» **WHAT THIS TASK INVOLVES**: Omit the pictures. Print each entry below exactly.

[Opening SOURCE DATA section]

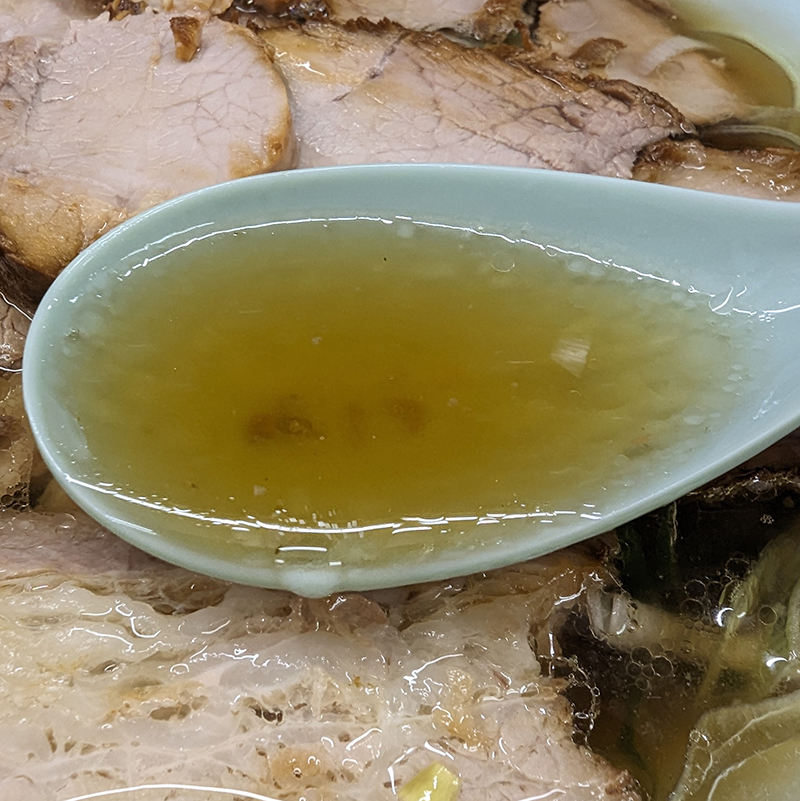スープは透明度が高く、醤油の色はかなり薄い。実際に頂いてみると塩気は強くやや塩っぱめ。全体のバランスは悪くない。
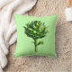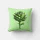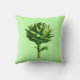 Kopfkissen in Vintager botanischer Darstellung einer Artischocke, digital verstärkt und farbig, auf einem hellgrün leuchtenden Hintergrund
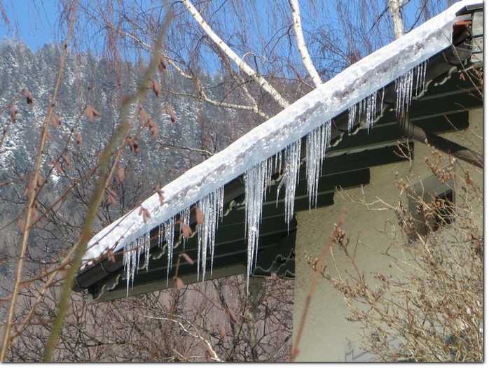 Um 10 nach 10 haben wir nach einer unterhaltsamen Fahrt inmitten von einem Haufen Schifahrer unser Ziel erreicht. Bei strahlendem Sonnenschein führt uns Otto über kleine Wegerl und Staffeln an am Bacherl entlang vom Bahnhof hinunter zum Schätz. Drei Leut sind schon in Laden, jetzt kommen noch mal sechse dazua: jetz is er bummvoll!
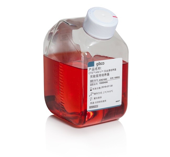 CTS AIM V SFM is available in a 1-liter bottle for small volume users as well as a 10-liter bag for larger volume users. Full traceability documentation such as Certificate of Origin, Certificate of Analysis, and Drug Master File are available.
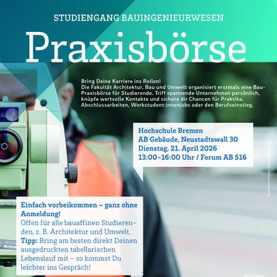 Die Abteilung Bau und Umwelt unterstützt Studierende aktiv mit Stipendien für einen erfolgreichen Abschluss des Studiums. Hier finden Sie Informationen zu spezifischen Angeboten der Abteilung wie dem Günter-Meyer-Stipendium und zum Deutschland-Stipendium. Darüber hinaus bietet auch die Hochschule Bremen vielfältige Unterstützungen zur Studienfinanzierung und für Stipendien an.
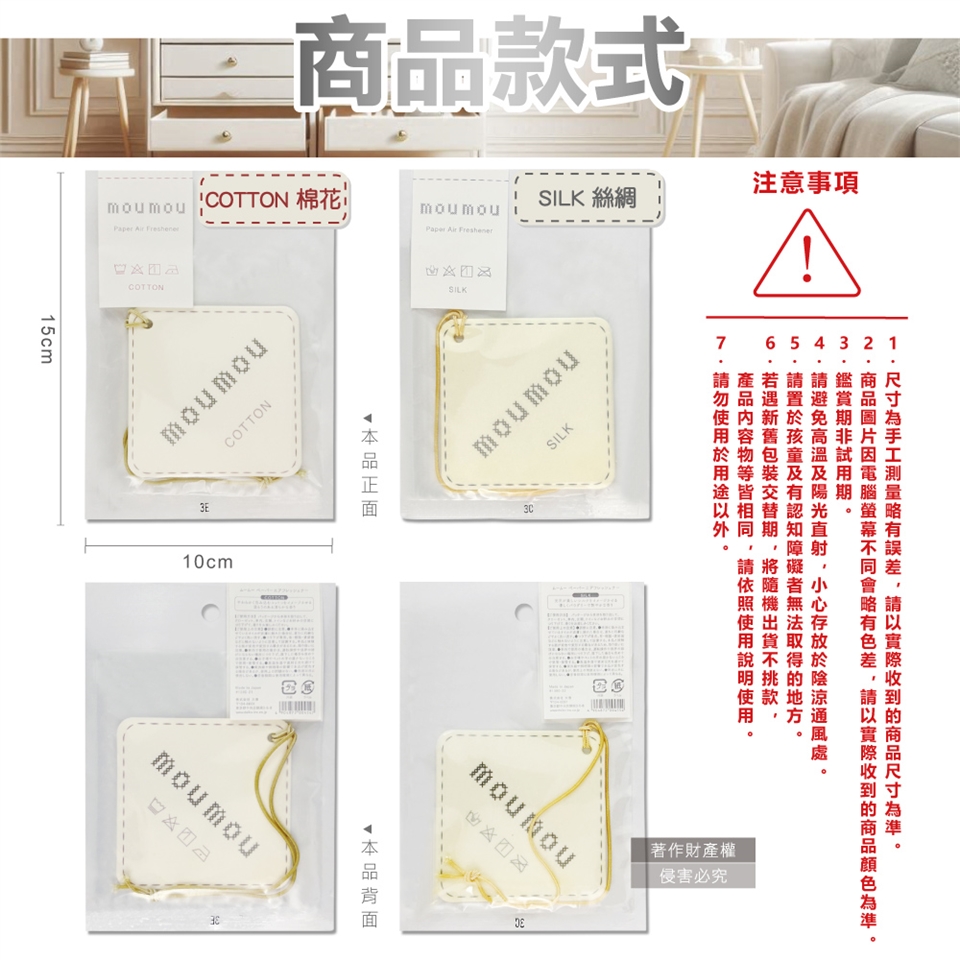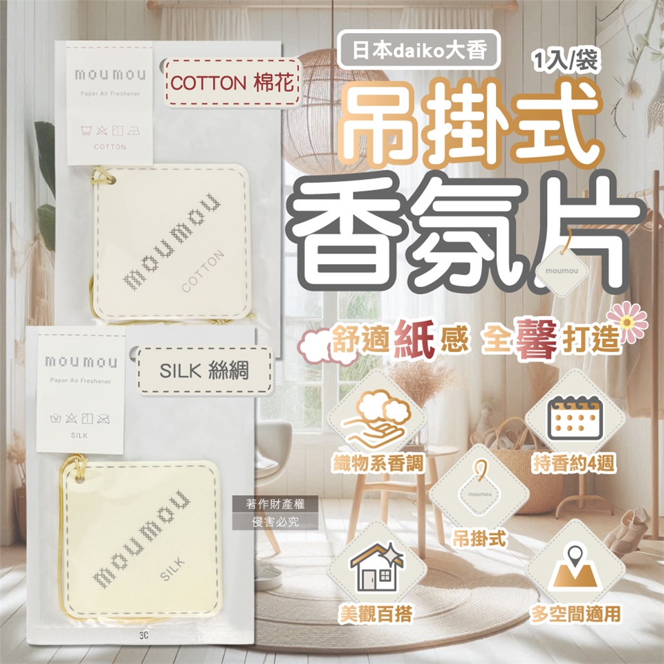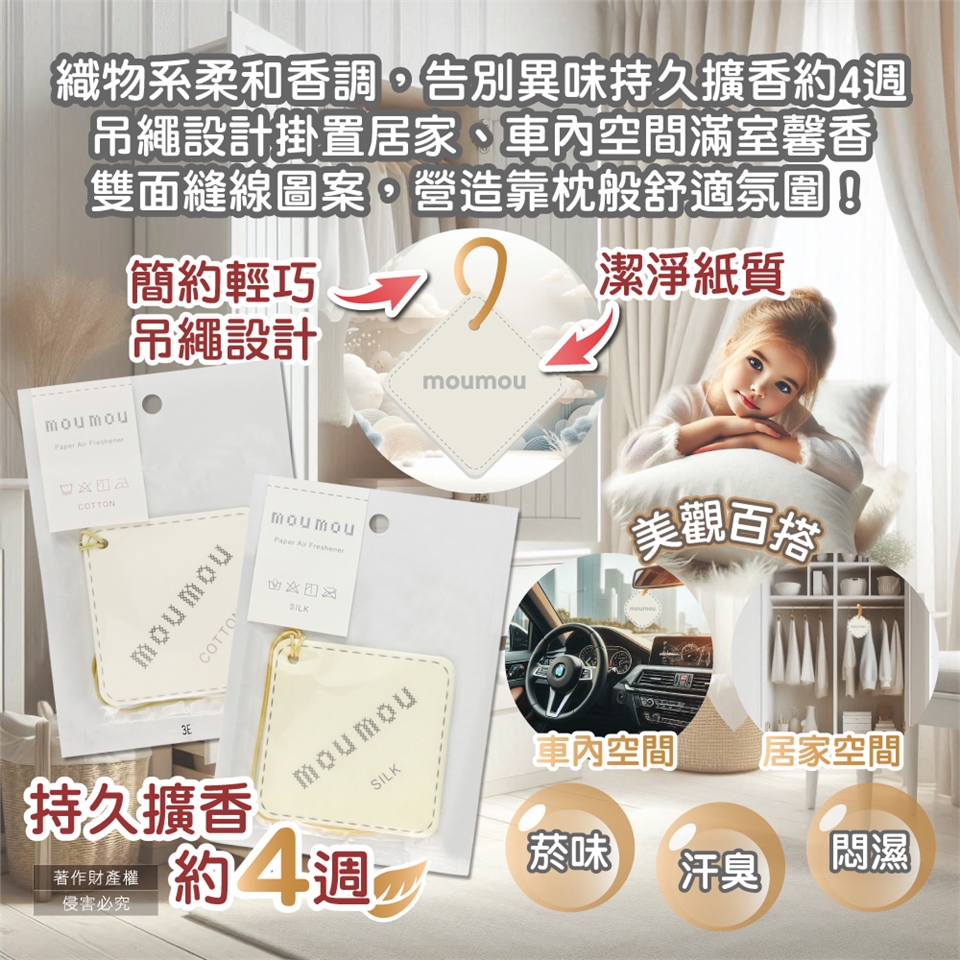 ●品名:MOUMOU居家車內空間織物芬芳吊掛式香氛片

[Closing SOURCE DATA section]

» **EXERCISE SOLUTION**:
スープは透明度が高く、醤油の色はかなり薄い。実際に頂いてみると塩気は強くやや塩っぱめ。全体のバランスは悪くない。
 Kopfkissen in Vintager botanischer Darstellung einer Artischocke, digital verstärkt und farbig, auf einem hellgrün leuchtenden Hintergrund
 Um 10 nach 10 haben wir nach einer unterhaltsamen Fahrt inmitten von einem Haufen Schifahrer unser Ziel erreicht. Bei strahlendem Sonnenschein führt uns Otto über kleine Wegerl und Staffeln an am Bacherl entlang vom Bahnhof hinunter zum Schätz. Drei Leut sind schon in Laden, jetzt kommen noch mal sechse dazua: jetz is er bummvoll!
 CTS AIM V SFM is available in a 1-liter bottle for small volume users as well as a 10-liter bag for larger volume users. Full traceability documentation such as Certificate of Origin, Certificate of Analysis, and Drug Master File are available.
 Die Abteilung Bau und Umwelt unterstützt Studierende aktiv mit Stipendien für einen erfolgreichen Abschluss des Studiums. Hier finden Sie Informationen zu spezifischen Angeboten der Abteilung wie dem Günter-Meyer-Stipendium und zum Deutschland-Stipendium. Darüber hinaus bietet auch die Hochschule Bremen vielfältige Unterstützungen zur Studienfinanzierung und für Stipendien an.
 ●品名:MOUMOU居家車內空間織物芬芳吊掛式香氛片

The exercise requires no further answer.